The optimized scheduling of effective and supporting tasks of an industrial robot while considering the existing limitations of the process is an extremely important issue, and the benefits resulting from this process affect many aspects of production execution.

4. Conclusions

Robotic processes, like other manufacturing processes, require careful analysis. The implementation of an industrial robot alone will not improve the whole process. Relying solely on the integrator’s intuition may result in the robot not being used to its full potential. The benefits of its implementation will be negligible or low. Therefore, it is necessary to strive for a detailed analysis and improvement of robotic production processes while taking into account their limitations.

This paper presents a solution to the problem of scheduling a welding robot in the process of joining a thin-walled sheet metal structure. Taking into account the existing limitations resulting from the technology, which in the literature are often neglected during the analysis of robotic processes, the most advantageous work schedule was determined, assuming as the criterion of the goal the time of completion of all robot tasks in one workpiece position (completion of all joints)—determining the sought solution allowed the development of a schedule for the entire process, as well as an indication of the benefits of the obtained time reduction. On the basis of the results obtained, a summary of the expected time savings in the process was prepared, as well as their impact on other aspects of production. The important role of the makespan of robotic operations, which can affect the entire production process, was also emphasized. Time-saving means freeing up resources, increasing the availability of machines, and consequently completing other orders at an earlier date.

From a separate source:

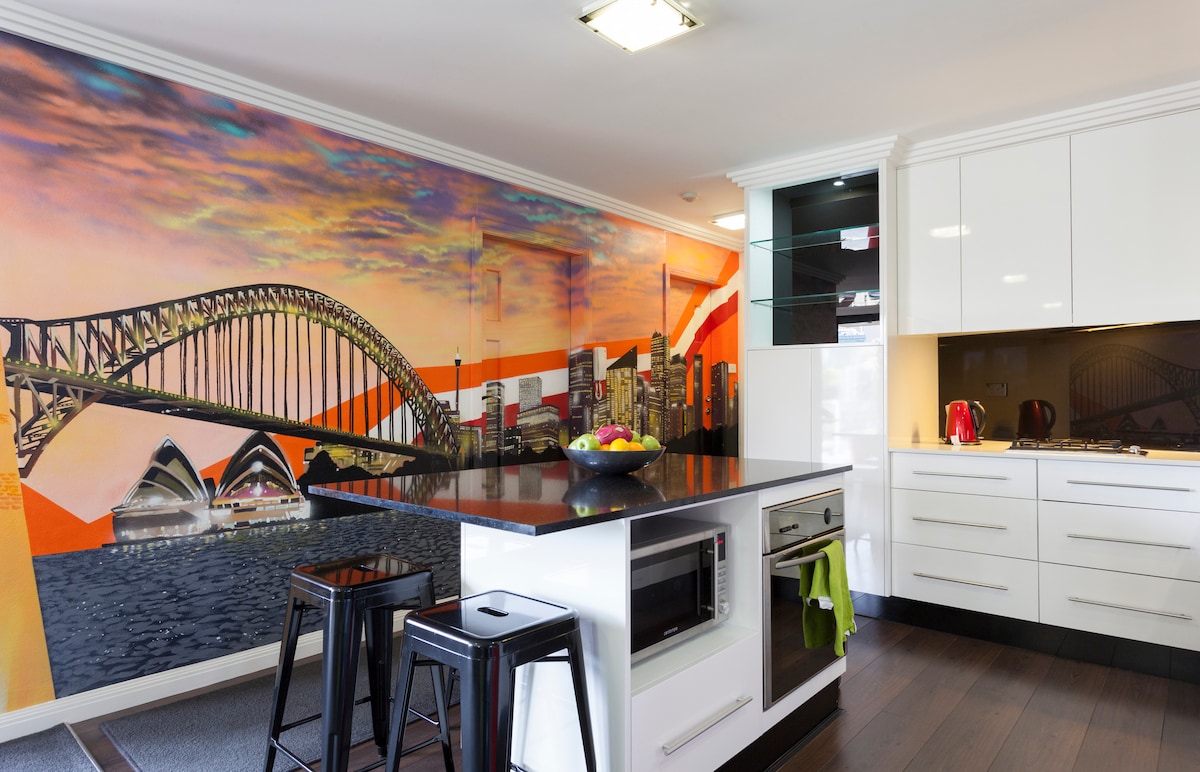 Добро пожаловать в мою светлую и просторную студию, расположенную в одном из самых спокойных пригородов Сиднея. Насладитесь ПОТРЯСАЮЩИМ видом на гавань и оперный театр, приготовив блюда на современной, полностью оборудованной кухне или отдохните на балконе с любимым напитком. У вас будет удобная двуспальная кровать размера Queen size, а также внутренняя прачечная. В двух минутах от паромов Harbour идеально подходит для гостей, которые хотят оставаться рядом с городом, но ищут тихую студию с фантастическим видом.
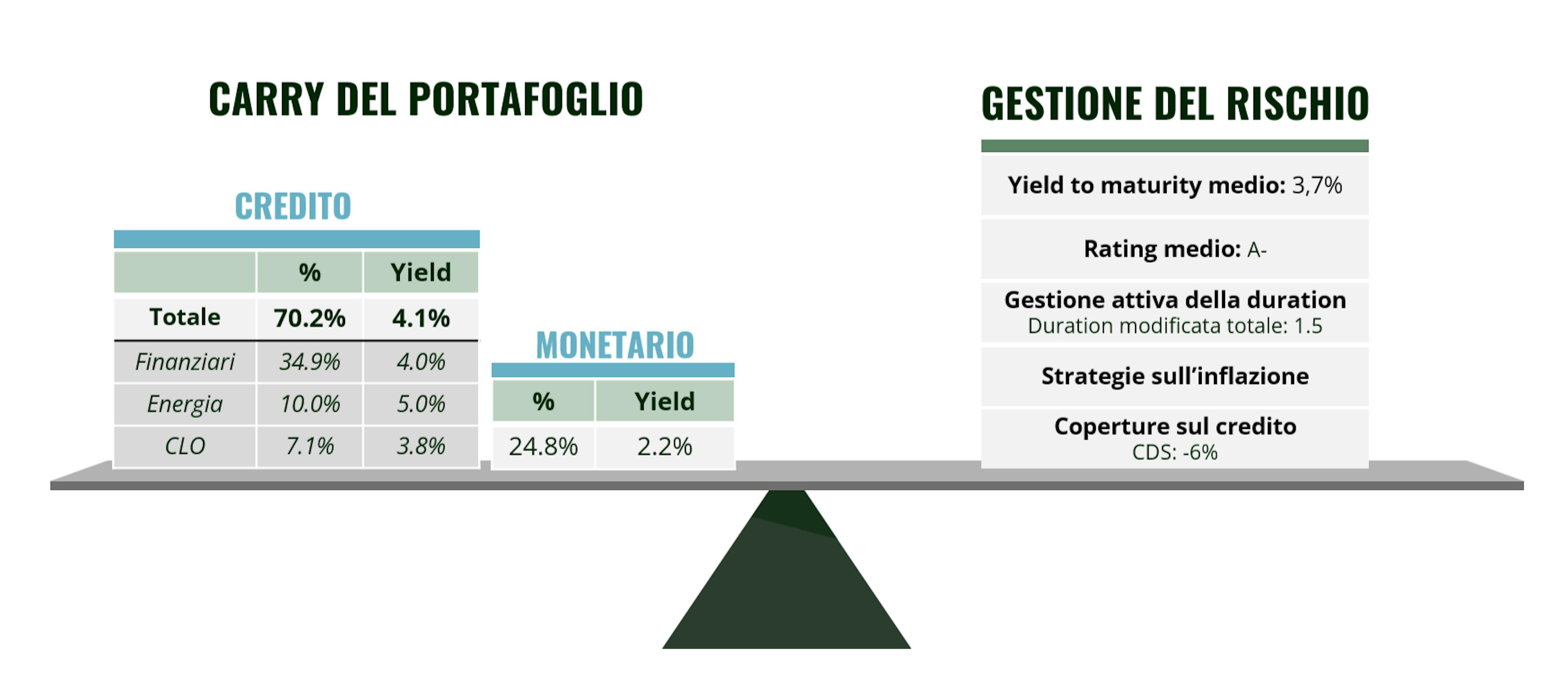 Un YTM del 3,6%, pur essendo leggermente in calo rispetto a un anno fa, rimane ben al di sopra della media decennale. Questo rendimento, che si basa principalmente su obbligazioni a breve scadenza, è una proiezione particolarmente affidabile della performance futura quando i rendimenti sono "alti", come nel caso attuale. Si tratta quindi di un buon punto di partenza, che può essere ottimizzato grazie alle molteplici fonti di rendimento del Fondo, tra cui la gestione attiva della duration e la selezione dei titoli di credito.

The solutions presented in the paper are the introduction of the problem of robotic production processes optimization under constraints. In further research, there is a need to take into account other aspects influencing the optimization of the work of robotic production stations—e.g., optimization of the robot effector trajectory, minimization of the distance between the elements of the workstation, robot energy consumption, variability of the robot speed. Additionally, the analysis of problems with greater computational complexity and different process characteristics should be considered. There is a need to develop appropriate optimization methods and algorithms searching for solutions to the presented problems in an accessible time. The presented problem of robotic movement scheduling should be extended to current trends in robotics—e.g., cooperation between robots, collaborative robot utilization, or the robots’ resources allocation (e.g., grippers).